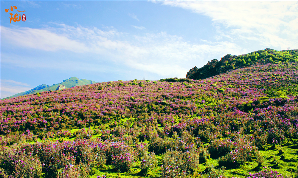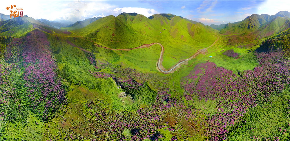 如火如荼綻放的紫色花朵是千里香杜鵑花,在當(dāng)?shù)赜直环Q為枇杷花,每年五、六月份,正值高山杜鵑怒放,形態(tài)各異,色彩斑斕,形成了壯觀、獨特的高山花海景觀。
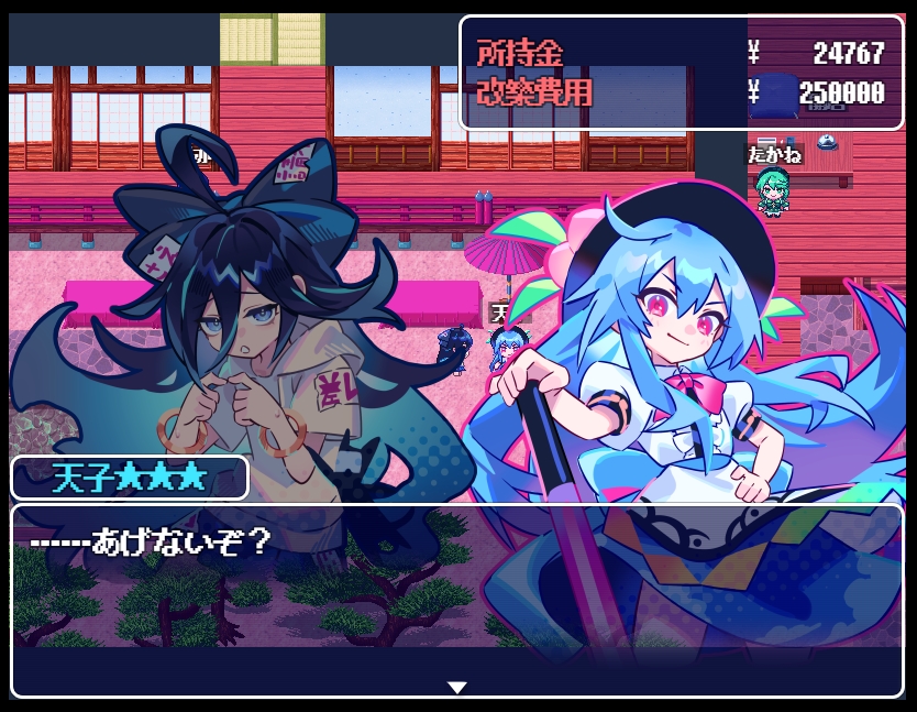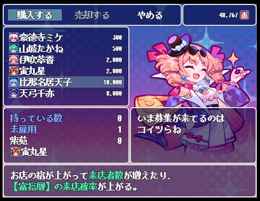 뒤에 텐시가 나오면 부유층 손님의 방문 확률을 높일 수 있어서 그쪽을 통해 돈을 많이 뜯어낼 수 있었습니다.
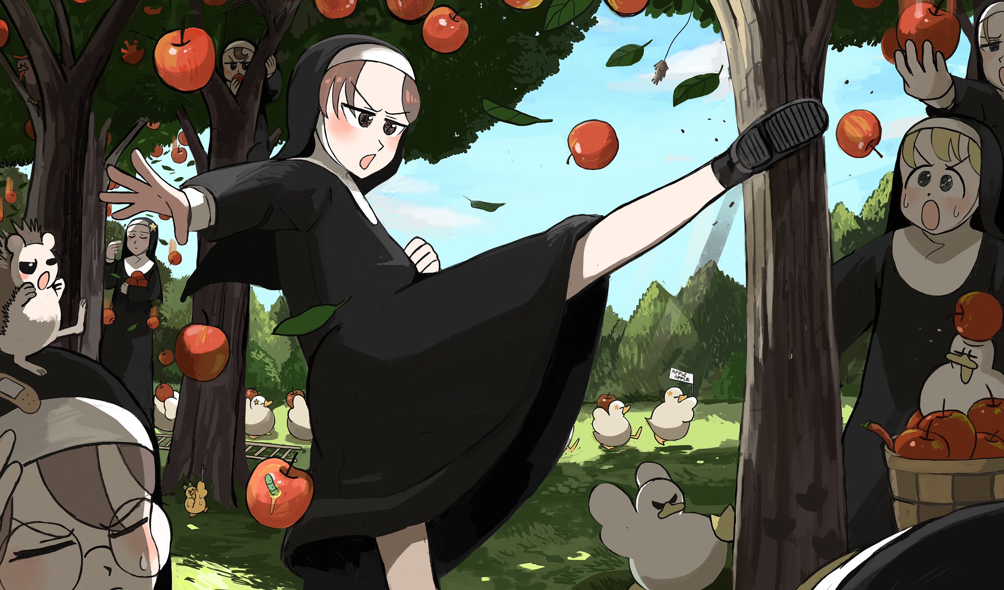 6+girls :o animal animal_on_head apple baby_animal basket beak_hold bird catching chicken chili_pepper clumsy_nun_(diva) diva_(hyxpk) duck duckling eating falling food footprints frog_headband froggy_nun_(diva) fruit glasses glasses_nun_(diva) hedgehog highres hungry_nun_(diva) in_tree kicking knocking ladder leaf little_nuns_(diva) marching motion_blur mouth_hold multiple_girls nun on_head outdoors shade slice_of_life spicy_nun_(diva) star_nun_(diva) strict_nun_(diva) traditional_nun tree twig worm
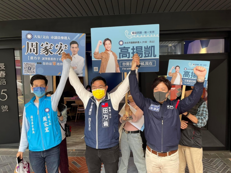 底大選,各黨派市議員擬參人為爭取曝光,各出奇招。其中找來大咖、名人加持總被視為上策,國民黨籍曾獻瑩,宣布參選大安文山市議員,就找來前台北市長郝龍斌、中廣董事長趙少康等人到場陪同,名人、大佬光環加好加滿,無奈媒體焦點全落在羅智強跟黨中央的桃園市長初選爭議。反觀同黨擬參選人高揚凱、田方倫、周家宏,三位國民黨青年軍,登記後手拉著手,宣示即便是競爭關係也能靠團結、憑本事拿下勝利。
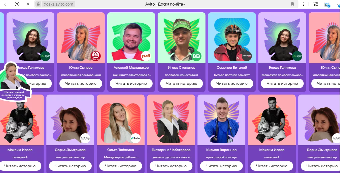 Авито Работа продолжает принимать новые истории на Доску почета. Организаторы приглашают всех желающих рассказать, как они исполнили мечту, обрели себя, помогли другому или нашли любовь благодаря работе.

--

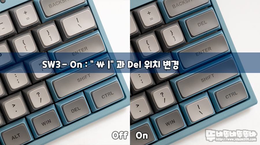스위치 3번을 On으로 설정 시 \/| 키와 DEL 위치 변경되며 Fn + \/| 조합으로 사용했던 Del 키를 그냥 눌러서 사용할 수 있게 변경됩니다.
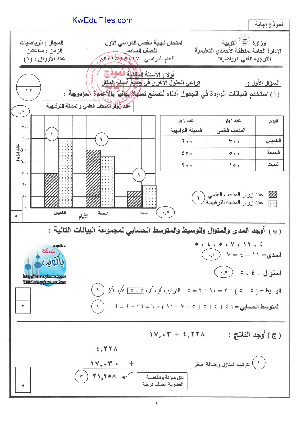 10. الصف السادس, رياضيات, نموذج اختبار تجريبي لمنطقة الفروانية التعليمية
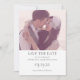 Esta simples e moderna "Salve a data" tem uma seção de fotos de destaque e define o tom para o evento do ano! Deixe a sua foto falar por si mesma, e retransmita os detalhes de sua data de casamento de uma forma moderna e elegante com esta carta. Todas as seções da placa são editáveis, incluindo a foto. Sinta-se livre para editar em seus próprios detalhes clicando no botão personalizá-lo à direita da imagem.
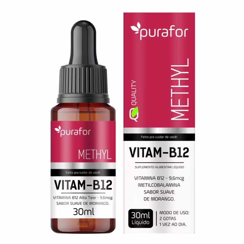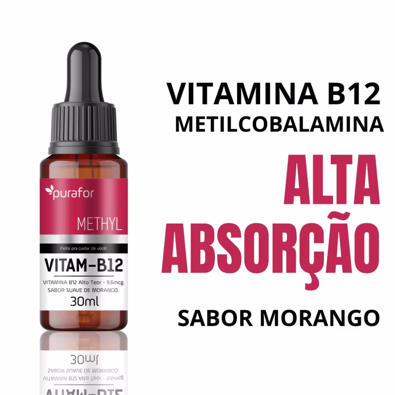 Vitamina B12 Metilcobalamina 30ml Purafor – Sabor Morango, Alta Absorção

--

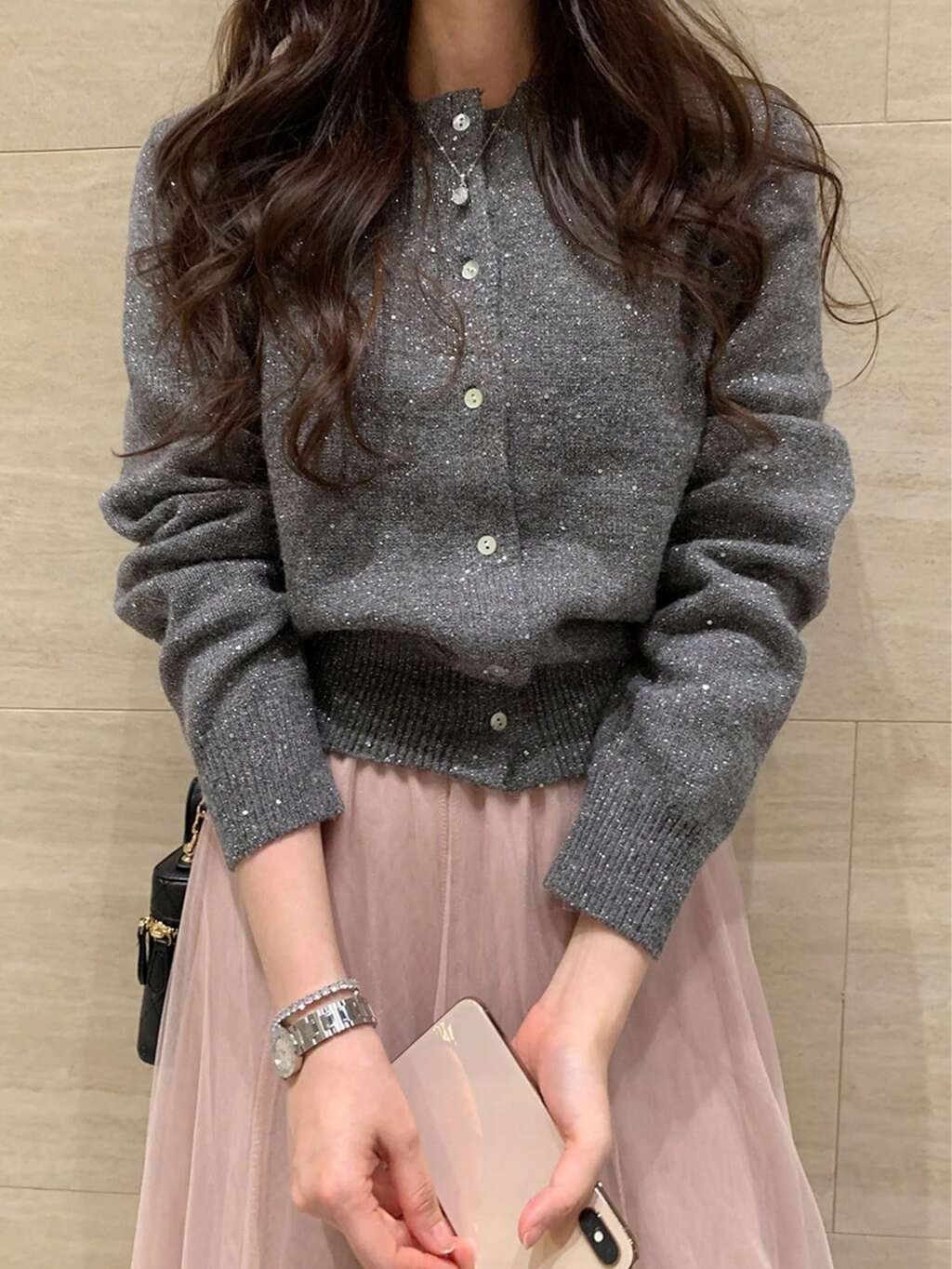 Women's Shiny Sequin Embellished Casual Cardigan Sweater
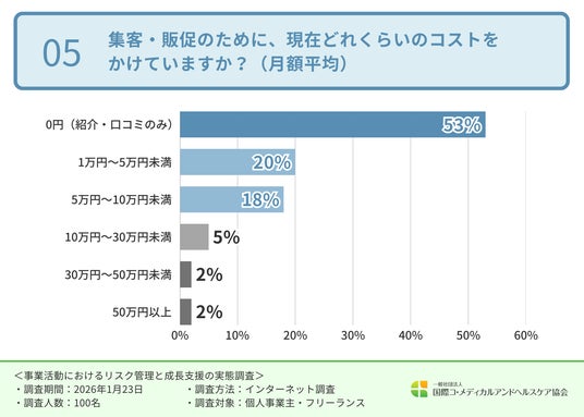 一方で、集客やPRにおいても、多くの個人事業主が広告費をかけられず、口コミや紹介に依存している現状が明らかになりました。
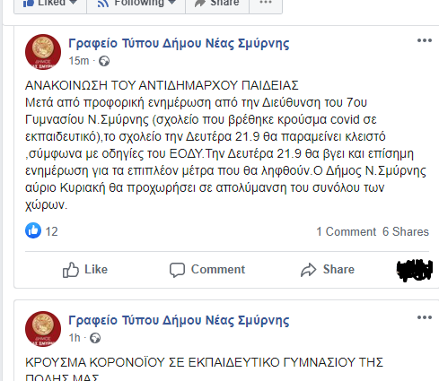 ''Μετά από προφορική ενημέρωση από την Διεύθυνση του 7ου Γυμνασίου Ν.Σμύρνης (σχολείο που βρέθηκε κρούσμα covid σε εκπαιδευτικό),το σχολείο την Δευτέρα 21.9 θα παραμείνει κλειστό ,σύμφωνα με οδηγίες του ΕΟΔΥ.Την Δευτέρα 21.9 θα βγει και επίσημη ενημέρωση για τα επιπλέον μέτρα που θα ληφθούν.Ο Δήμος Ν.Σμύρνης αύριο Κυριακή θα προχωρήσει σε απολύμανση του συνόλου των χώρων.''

§ Instructions for the task: Write out exactly the run of lines above that starts at the line containing "如火如荼綻放的紫色花朵是千里" and ends at the line containing "Авито Работа продолжает". Include both, and leave the pictures out.

§ Response area:
 如火如荼綻放的紫色花朵是千里香杜鵑花,在當(dāng)?shù)赜直环Q為枇杷花,每年五、六月份,正值高山杜鵑怒放,形態(tài)各異,色彩斑斕,形成了壯觀、獨特的高山花海景觀。
 뒤에 텐시가 나오면 부유층 손님의 방문 확률을 높일 수 있어서 그쪽을 통해 돈을 많이 뜯어낼 수 있었습니다.
 6+girls :o animal animal_on_head apple baby_animal basket beak_hold bird catching chicken chili_pepper clumsy_nun_(diva) diva_(hyxpk) duck duckling eating falling food footprints frog_headband froggy_nun_(diva) fruit glasses glasses_nun_(diva) hedgehog highres hungry_nun_(diva) in_tree kicking knocking ladder leaf little_nuns_(diva) marching motion_blur mouth_hold multiple_girls nun on_head outdoors shade slice_of_life spicy_nun_(diva) star_nun_(diva) strict_nun_(diva) traditional_nun tree twig worm
 底大選,各黨派市議員擬參人為爭取曝光,各出奇招。其中找來大咖、名人加持總被視為上策,國民黨籍曾獻瑩,宣布參選大安文山市議員,就找來前台北市長郝龍斌、中廣董事長趙少康等人到場陪同,名人、大佬光環加好加滿,無奈媒體焦點全落在羅智強跟黨中央的桃園市長初選爭議。反觀同黨擬參選人高揚凱、田方倫、周家宏,三位國民黨青年軍,登記後手拉著手,宣示即便是競爭關係也能靠團結、憑本事拿下勝利。
 Авито Работа продолжает принимать новые истории на Доску почета. Организаторы приглашают всех желающих рассказать, как они исполнили мечту, обрели себя, помогли другому или нашли любовь благодаря работе.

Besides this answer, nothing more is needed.